可这还不是让唐菲菲最为愤怒恐惧的,最让她担心害怕的是,现在江绵绵掌握了她太多的秘密。
本来她才是掌控全局的棋手,但不知道最近为什么,江绵绵成了棋手,而她成了被随意拿捏的棋子。
但她不急,她还有最后底牌,在江氏集团的三年里,她和江姗姗合作,把江氏的股东全部收买,架空成了自己人。
而现在江峰已中毒至深,江氏的股份江峰占了百分之四十,只要江姗姗能在江峰神智不清之前,将他全部的股份拿到手。
那么,江姗姗就可以成为江氏的董事长,真正的掌权人。
而江绵绵手里的那一点点股份,那江氏总裁的位置,又能算的了什么?
所以,她现在就算被江绵绵控制,拿捏,她也要忍着,因为不到最后一刻,谁也说不准,谁才是最后的赢家。
祁宴和唐菲菲都在出神,都没有先开口讲话,末了,还是唐菲菲按捺不住自己。
轻声说道:“阿宴,婚纱已经做出来了,我们什么时候回北城?”
唐菲菲觉得,她再去在南城待上一段时间,都要疯了。
她太贪心了,既想要江氏,又想要祁宴的心,可现在的情况,好像有些脱离她的控制了。
祁宴看着唐菲菲小心翼翼的样子,心里愈发的烦闷,还有一丝的厌烦,为什么以前会觉得,唐菲菲这个样子分外的招人怜爱呢?
祁宴沉默不语的这几十秒里,唐菲菲的心里都在瑟瑟发抖,江绵绵那个贱人,不会把她转移江氏的钱,告诉祁宴了吧?
祁宴虽然心里对她有一丝的温情,但是他疑心极重,一旦去调查,就会发现漏洞。
就在唐菲菲想不明白的时候,祁宴凉薄的唇缓缓说道:“江绵绵和夜寒的事情,是你蓄谋的。”
祁宴不是问句,而是笃定的陈述句。
听到这话的唐菲菲瞳孔骤敛,错愕的瞪大眼睛,颤声说道:“阿,阿宴,你在说什么?我,我听不懂……”
“既然听不懂,那你也不要做祁氏的少夫人了。
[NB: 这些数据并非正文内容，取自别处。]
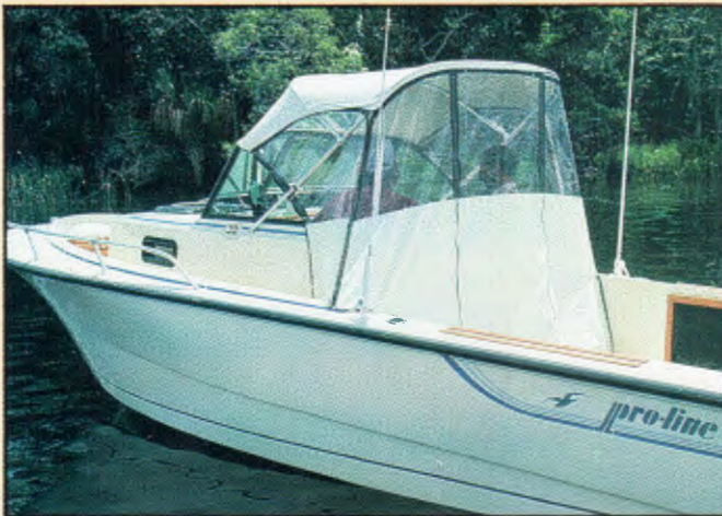
The 23 Walkaround with aft and side curtains.

In keeping with Pro-Line's policy of continuous improvements on all products, we reserve the right to change specifications without notice. Some items displayed on boats are optional equipment, and not all items shown are available on all boats. Contact your dealer for complete warranty information.

”
祁宴这话的意思已经很明显了,他要和唐菲菲结束,他要和唐菲菲退婚。
唐菲菲顿时面色惨白,哽咽的说道:“是江小姐告诉你的吗?阿宴,你宁愿相信一个背叛过你的人,也不愿意相信我吗?”
祁宴漆黑的眼眸,没有一丝温度,冷睨了唐菲菲一眼。
沉声说道:“你那点小把戏,一次两次可以,次次是要把我当傻子吗?”
唐菲菲呼吸一窒,她本以为江绵绵会将她转移江氏的钱,告诉祁宴。
可让她万万没有想到的是,江绵绵告诉祁宴的竟然是,她和夜寒是她设计的。
更让她没有想到的是,祁宴竟然选择相信江绵绵那个贱人,也不相信她。
泪水在唐菲菲的眼里打转,她哽咽的说道:“是,夜寒和江绵绵在一起是我蓄谋的,我这么做,不是两全其美吗?”
“夜寒对江绵绵心悦已久,江绵绵也对夜寒有那么几分的意思,既然他们捅破不了这层窗户纸,就交给我来……啊……”
“闭嘴,你有什么资格替他们做决定,你以为你是谁?”
唐菲菲的话还没有说完,就被祁宴一把掐住了脖子,祁宴的眸底风起云涌,宛如黑云压境,压抑的让人呼吸困难。
说出来的话,也如同寒风刺骨般,割的她生疼。
唐菲菲泪水倾泻而出,咬着牙艰难的说道:“我是没有资格,我也不是谁,可我爱你啊阿宴,我好爱好爱你,我争取自己喜欢的人,我有什么错?”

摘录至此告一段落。